Las Vegas Sun

March 28, 2024

Poor take a chance on lottery at check cashers

CAMBRIDGE, Mass. -- Zeituni Onyango is out of work and doesn't have much money. But every now and then, she succumbs to temptation and buys a lottery ticket at the check-cashing store.

"It's just like when I feel luck might fall I do that, like manna might come from heaven. That's when I buy it," the 49-year-old woman said recently after a visit to a check-cashing store in the Central Square neighborhood.

She's not alone.

Check-cashing stores, which critics say target those lower-income people who don't use banks, sell millions of dollars of lottery tickets around the state each year.

And that practice raises questions, for some, about whether the state is selling tickets to people who can ill afford it.

"I really question the logic of having it placed in check cashing stores," said Rep. Barbara L'Italien, D-Andover, a lawmaker who has opposed expanded gambling in the state. "My feeling about gambling in general ... is that it's a really regressive form of taxation that really preys on our poorest citizens."

"My opinion is it would be sending the wrong message to people," said Roger Swagler, a professor of consumer economics at the University of Georgia who has studied the use of check-cashing stores and other alternative financial services by lower-income people.

"If you went into your bank, you'd be pretty surprised to see somebody selling lottery tickets at the bank -- surprised and annoyed, I would think," he said.

Massachusetts State Lottery Director Joseph Sullivan said people bought the tickets voluntarily as a form of entertainment. He emphasized that lottery proceeds go toward the budgets of the state's cities and towns, and that most of the people who buy lottery tickets can afford them.

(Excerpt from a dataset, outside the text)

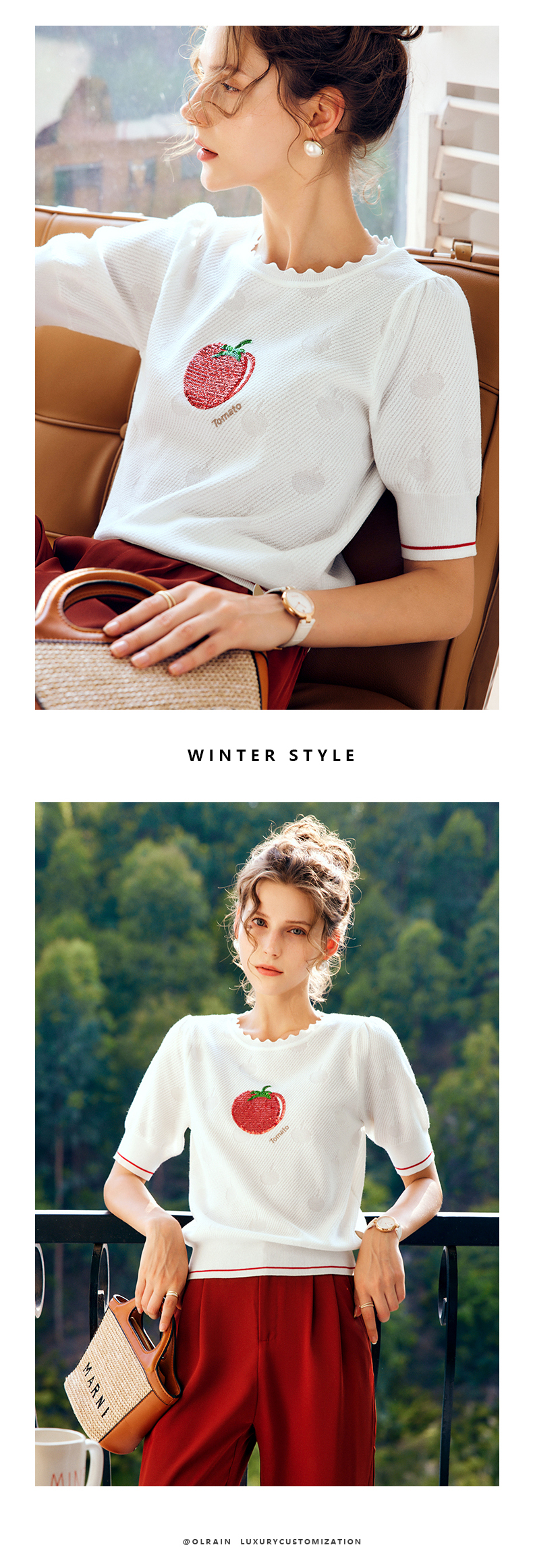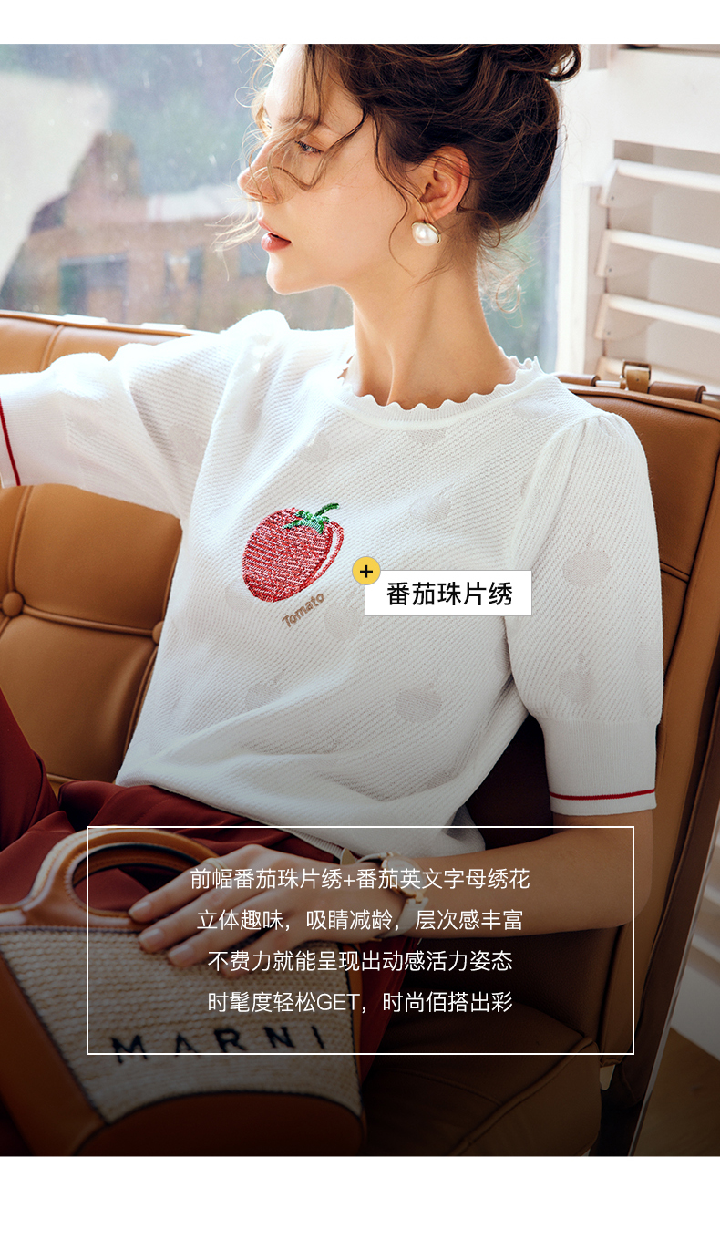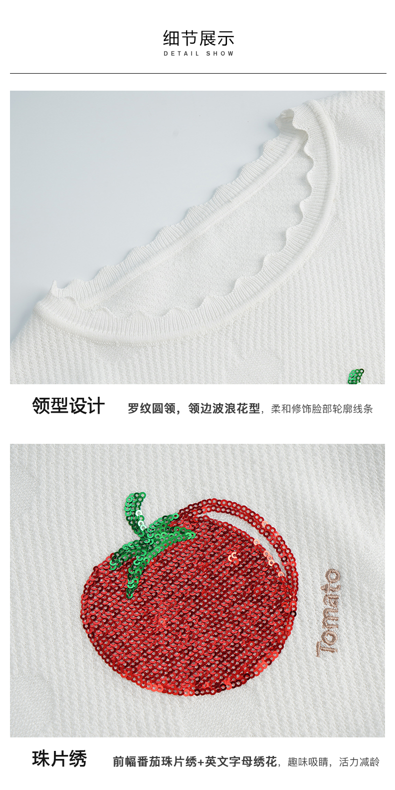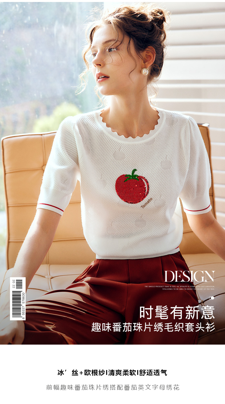 OLrain法式白色针织衫女夏季2022年新款珠片刺绣欧根纱冰丝套头衫

"The fact is that the lion's share of these people are average men and women who have disposable income and they select the way in which they spend their money. ... We have players in all walks of life who get excitement from the games and there are many winners every day," he said.

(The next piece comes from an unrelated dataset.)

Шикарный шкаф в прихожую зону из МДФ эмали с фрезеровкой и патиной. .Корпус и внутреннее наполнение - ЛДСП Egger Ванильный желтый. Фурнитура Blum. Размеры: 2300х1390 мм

State banking regulators have issued 88 check-cashing licenses to stores around the state. The licenses are required when anyone charges more than $1 to cash a check. In the 2002 fiscal year, 61 of those licensees sold more than $32 million in lottery products, according to an Associated Press review of state lottery records.

About half of the licensees were stores that listed themselves as check-cashing establishments. The rest of the licensees included liquor and grocery stores that allowed people to cash checks.

Lottery records also indicated that two pawn shops -- typically places of last resort for the cash-strapped -- were licensed to sell lottery tickets.

The sales at check-cashing outlets are just a small part of statewide lottery sales, which rose to $4.2 billion from over 7,300 locations in fiscal 2002. That's an average of more than $650 spent on the lottery for every person in the state annually.

Dave Backman, general manager of Boston Check Cashers, which sells lottery tickets at most of its 20 Boston-area outlets, defended the sales, saying the company was merely doing what many other stores do.

"Our lottery sales are very low, first of all," he said. "And I don't understand why there'd be any difference between a check-cashing store selling lottery than a liquor store or any other business."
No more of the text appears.